The SERS spectra of blood from non-injected and injected rats, as shown in Fig 1, appear nearly identical, with only slight variations in band intensity. These minor differences suggest subtle yet distinct biochemical changes resulting from hormone injections [29]. Rather than causing significant alterations in molecular composition, GH and TE injections likely influence specific biochemical pathways, leading to these variations. Such changes may involve slight modifications in protein conformation, lipid interactions, or hormone-related molecular rearrangements, which remain detectable through SERS despite the overall spectral similarity.
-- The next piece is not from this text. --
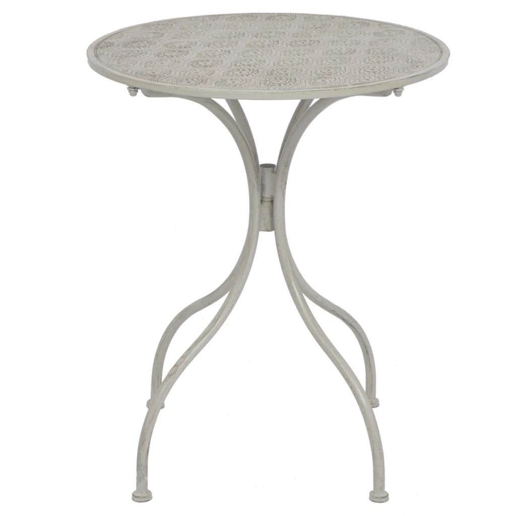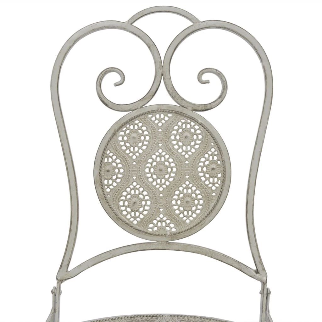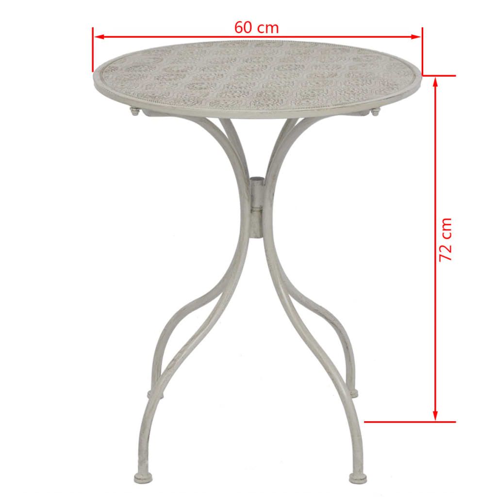 Ten zestaw mebli w stylu vintage doda klasyczny akcent podczas spożywania każdego posiłku. Stanie się on centralnym punktem Twojego ogrodu, balkonu lub tarasu. Zestaw mebli bistro wykonano z malowanej proszkowo stali, która jest odporna na warunki atmosferyczne i bardzo trwała. Fantazyjne, ręcznie malowane dekoracje i ozdobne rdzewienia sprawią, że zestaw będzie wyróżniał się w każdym ogrodzie, na tarasie lub balkonie. Klasyczny zestaw mebli ogrodowych jest bardzo łatwy do czyszczenia z użyciem wilgotnej szmatki. Krzesła można łatwo złożyć, aby zaoszczędzić miejsce, gdy nie są używane. Przesyłka zawiera 1 stolik i 2 składane krzesła.
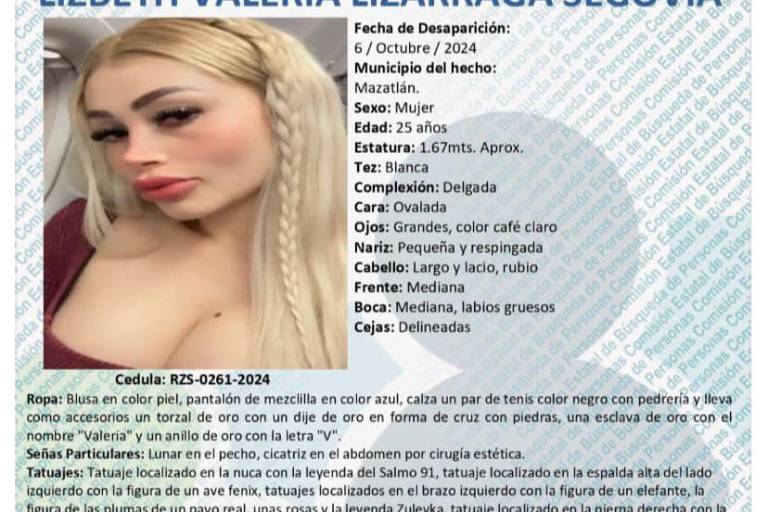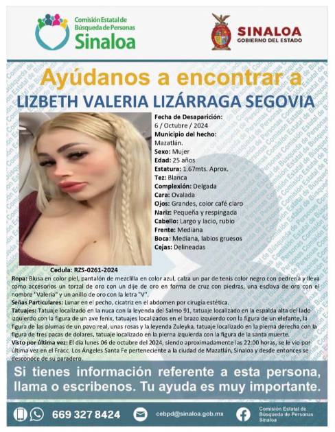 Lizbeth Valería Lizárraga Segovia, de 25 años de edad, desapareció el pasado domingo 6 de octubre, se le vio por última vez en el Fraccionamiento Los Ángeles Santa Fe, en la zona sur de Mazatlán, Sinaloa.

The prominent bands noted were those centered around wavenumbers 658, 798, 878, 914, 932, 1064, 1190, 1354, 1410, and 1658 cm^-1. These bands were found to be related to those obtained from blood, and blood mixed with various concentrations of these hormones [5]. The bands centered around 600–1064 cm^-1 were assigned to C-C stretching [10,30–32], 1190 cm^-1 assigned to C-O Stretch and COH bending [33], 1354 cm^-1 assigned to Stretch (COO-) and C-H bend [30], and 1658 cm^-1 assigned to C-O/C = O Stretching [8,10]. The SERS bands with the highest intensity were those centered at around 658, 798, 932, and 1658 cm^-1 for blood from rats injected with TE only; 878 and 914 cm^-1 for blood from rats injected with both hormones; and 1354 and 1410 cm^-1 for blood from rats injected with GH only. This analysis underscores the sensitivity of SERS in detecting hormonal influences on blood composition, providing a valuable tool for studying the biochemical effects of hormone treatments.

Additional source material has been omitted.